• _Task item_: Instruction for the entries below: return the part that opens with the line containing "Small Honeycomb Veriglassis" and closes with the line containing "一道桥另一处妙景是恋影林,让", exactly, and no pictures.

• _Data records_:

%%

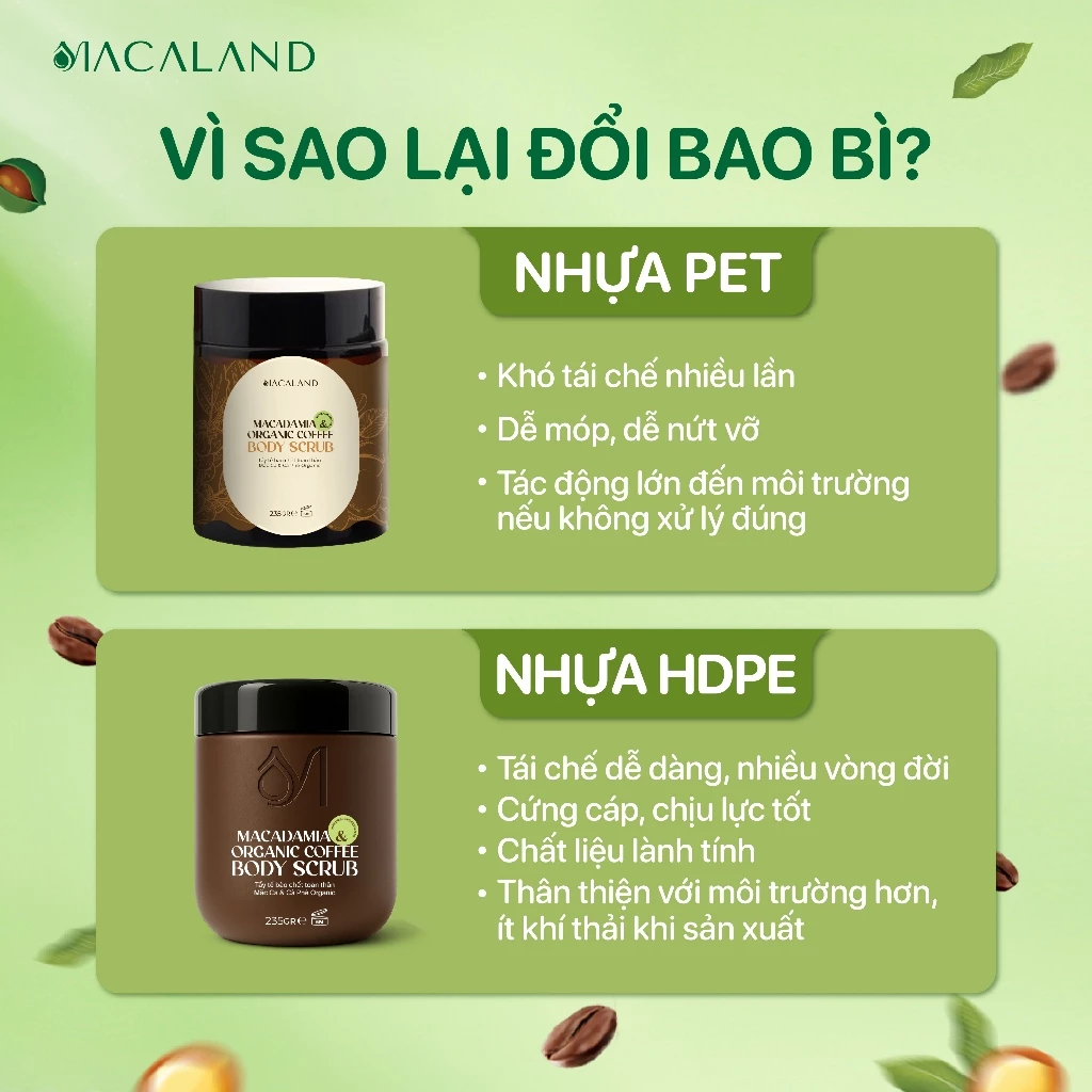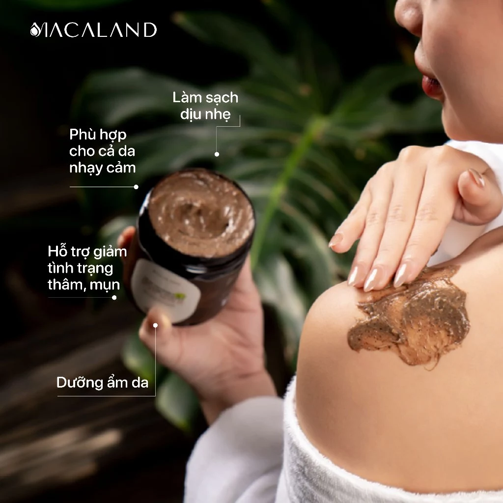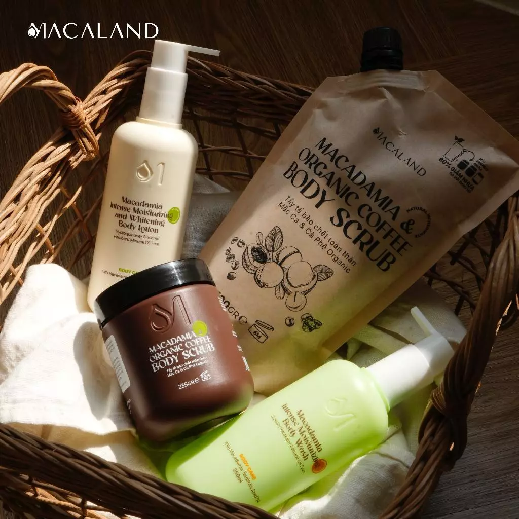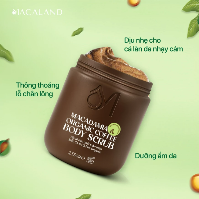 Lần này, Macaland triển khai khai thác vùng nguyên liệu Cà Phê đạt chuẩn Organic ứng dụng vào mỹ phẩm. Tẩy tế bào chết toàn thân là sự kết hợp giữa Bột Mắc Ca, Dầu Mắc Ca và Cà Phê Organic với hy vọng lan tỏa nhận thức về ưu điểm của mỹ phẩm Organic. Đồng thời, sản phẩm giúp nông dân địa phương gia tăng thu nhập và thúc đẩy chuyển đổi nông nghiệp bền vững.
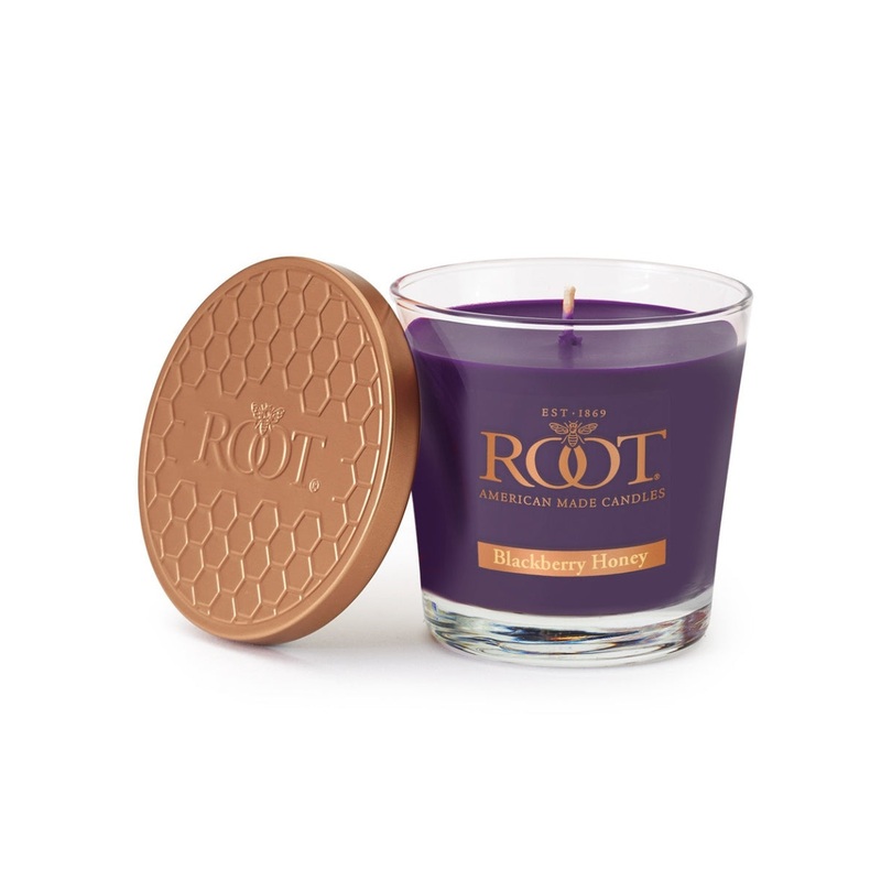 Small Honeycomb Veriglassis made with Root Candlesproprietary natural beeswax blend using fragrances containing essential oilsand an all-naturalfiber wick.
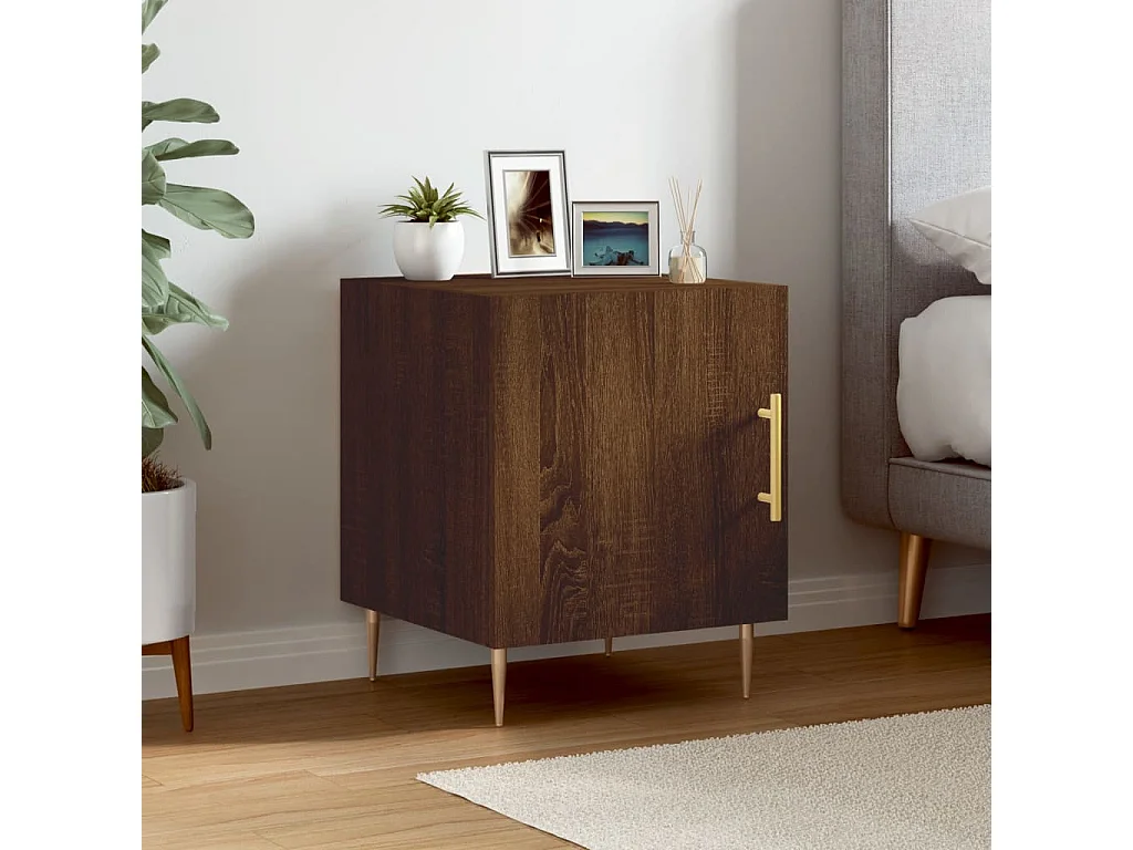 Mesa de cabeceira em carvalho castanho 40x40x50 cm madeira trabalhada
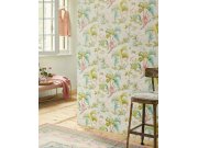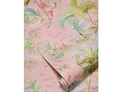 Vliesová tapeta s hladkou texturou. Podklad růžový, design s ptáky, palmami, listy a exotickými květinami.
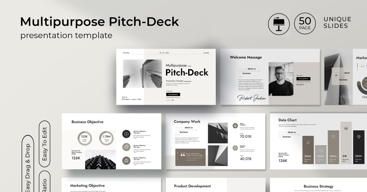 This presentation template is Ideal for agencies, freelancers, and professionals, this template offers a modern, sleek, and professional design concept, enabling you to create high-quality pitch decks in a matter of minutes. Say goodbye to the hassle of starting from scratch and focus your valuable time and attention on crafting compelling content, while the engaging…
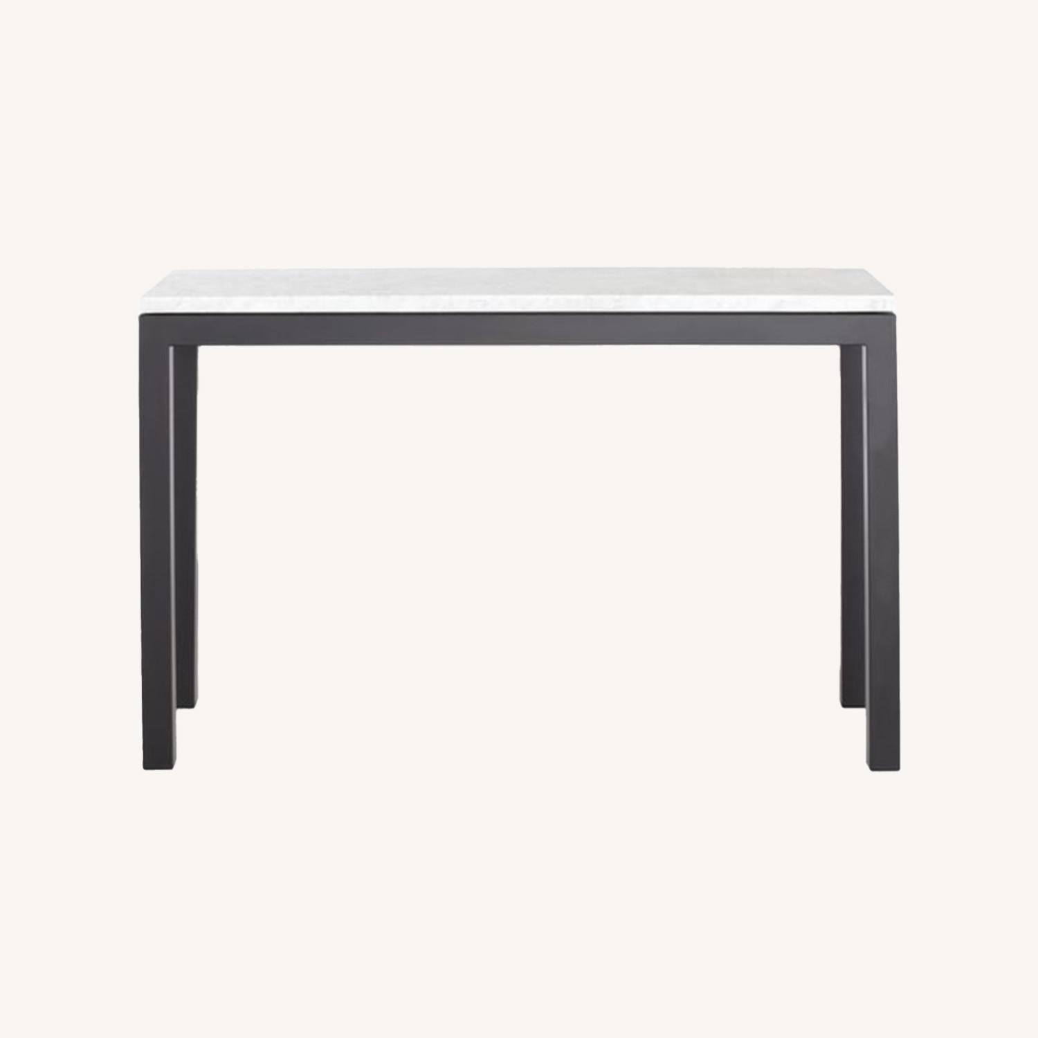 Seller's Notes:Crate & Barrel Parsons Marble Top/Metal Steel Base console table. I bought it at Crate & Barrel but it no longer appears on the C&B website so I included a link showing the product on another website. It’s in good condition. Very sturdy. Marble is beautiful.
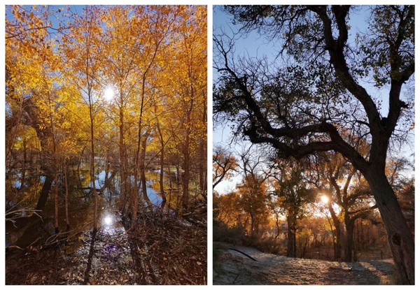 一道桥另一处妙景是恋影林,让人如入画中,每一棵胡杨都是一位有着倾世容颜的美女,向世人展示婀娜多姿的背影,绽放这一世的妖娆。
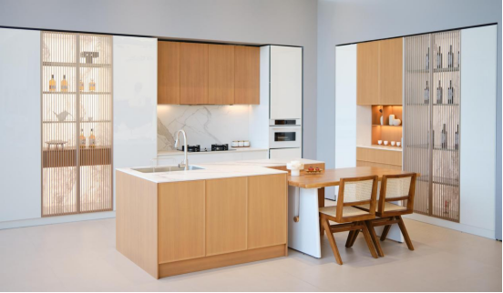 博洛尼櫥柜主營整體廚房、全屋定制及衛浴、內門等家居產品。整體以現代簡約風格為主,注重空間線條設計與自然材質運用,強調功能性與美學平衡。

%%

• _Solved problem_:
 Small Honeycomb Veriglassis made with Root Candlesproprietary natural beeswax blend using fragrances containing essential oilsand an all-naturalfiber wick.
 Mesa de cabeceira em carvalho castanho 40x40x50 cm madeira trabalhada
 Vliesová tapeta s hladkou texturou. Podklad růžový, design s ptáky, palmami, listy a exotickými květinami.
 This presentation template is Ideal for agencies, freelancers, and professionals, this template offers a modern, sleek, and professional design concept, enabling you to create high-quality pitch decks in a matter of minutes. Say goodbye to the hassle of starting from scratch and focus your valuable time and attention on crafting compelling content, while the engaging…
 Seller's Notes:Crate & Barrel Parsons Marble Top/Metal Steel Base console table. I bought it at Crate & Barrel but it no longer appears on the C&B website so I included a link showing the product on another website. It’s in good condition. Very sturdy. Marble is beautiful.
 一道桥另一处妙景是恋影林,让人如入画中,每一棵胡杨都是一位有着倾世容颜的美女,向世人展示婀娜多姿的背影,绽放这一世的妖娆。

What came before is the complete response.